1. "cphaprob state" correctly reports all cluster members as "ACTIVE"
2. Application monitor correctly reports all monitored Check Point components on the cluster member as "UP":
#/crossbeam/apps/app_status -v
cpd is RUNNING
fwd is RUNNING
fwk is RUNNING
VSX is READY
HA  is READY
Reporting application state: UP


3. VAP members are still only reported in "UP" state and not "ACTIVE" state as shown in "show chassis":
<snip>
5 Yes ap3 AP9600 Up 0 days, 00:20 
6 Yes ap4 AP9600 Up 0 days, 00:20
<snip>

Cause

The issue is configuration fetch + NFS file system related.

 

Resolution

To significantly improve the the "UP" -> "ACTIVE"  transition times, upgrade to R77.10 MR1 or to R77.30.

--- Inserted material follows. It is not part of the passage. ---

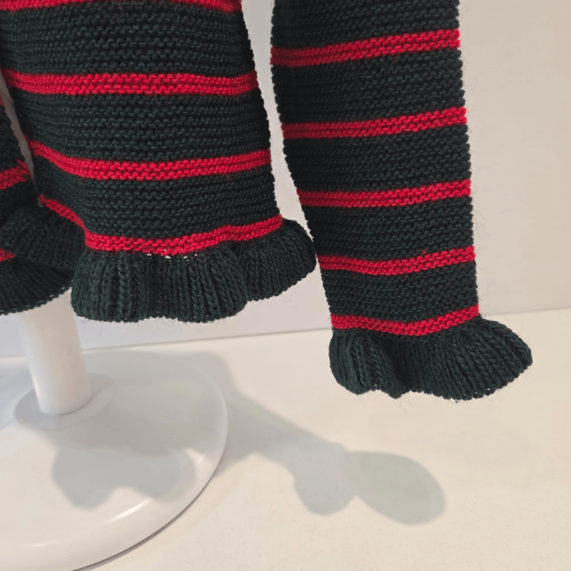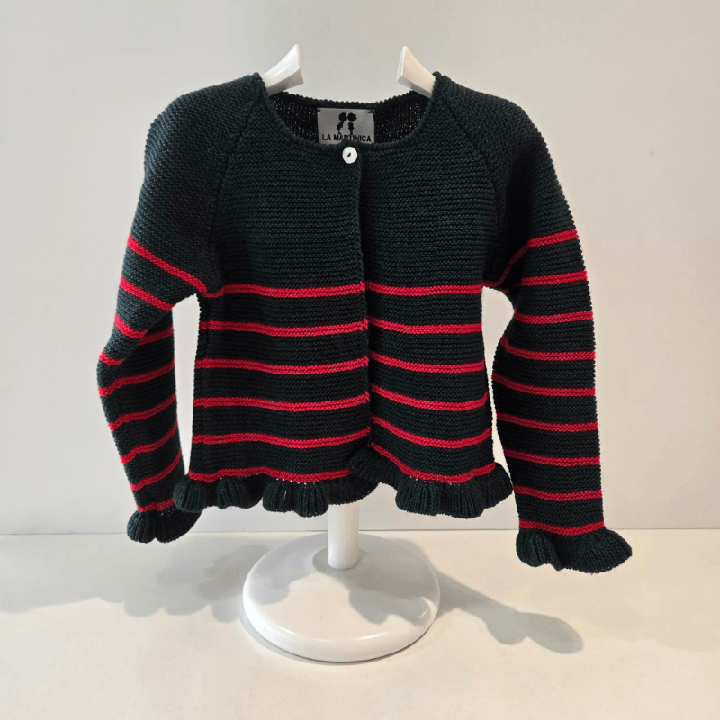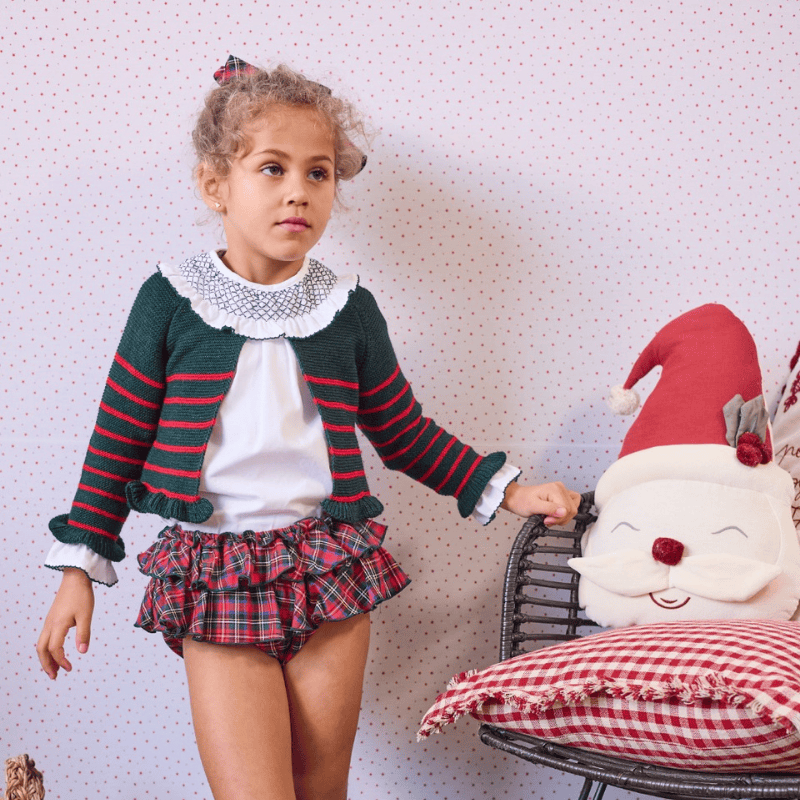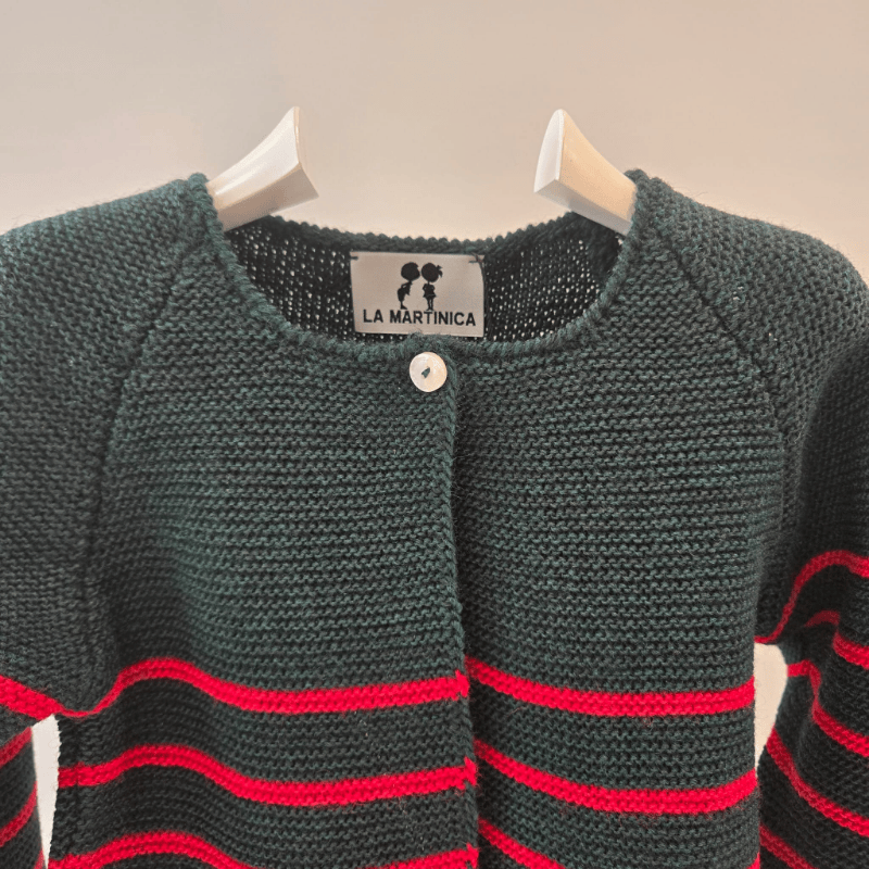 Chaqueta 3/4 de punto en color verde bosque, perteneciente a la colección Hilton de La Martinica para invierno 26. Su corte recto realza la silueta infantil con elegancia, mientras los volantes en el cuello y puños aportan un toque festivo y delicado. El tejido presenta un patrón de punto fino, cálido y suave al tacto, ideal para combinar con vestidos de cuadros o looks navideños. Los botones decorativos en el frontal completan un diseño pensado para ocasiones especiales. Disponible en Boutique Luna, donde cada prenda se selecciona con cariño para vestir la infancia con estilo y personalidad.

Here is a snippet of R77.10 MR1 release notes:

ID 102652 Adds R77.10-specific optimizations to reduce overall NFS network load at APM boot time.

Workaround

1. Boot each blade individually instead of starting all VAP members at the same time. This should significantly shorten the UP -> ACTIVE transition time.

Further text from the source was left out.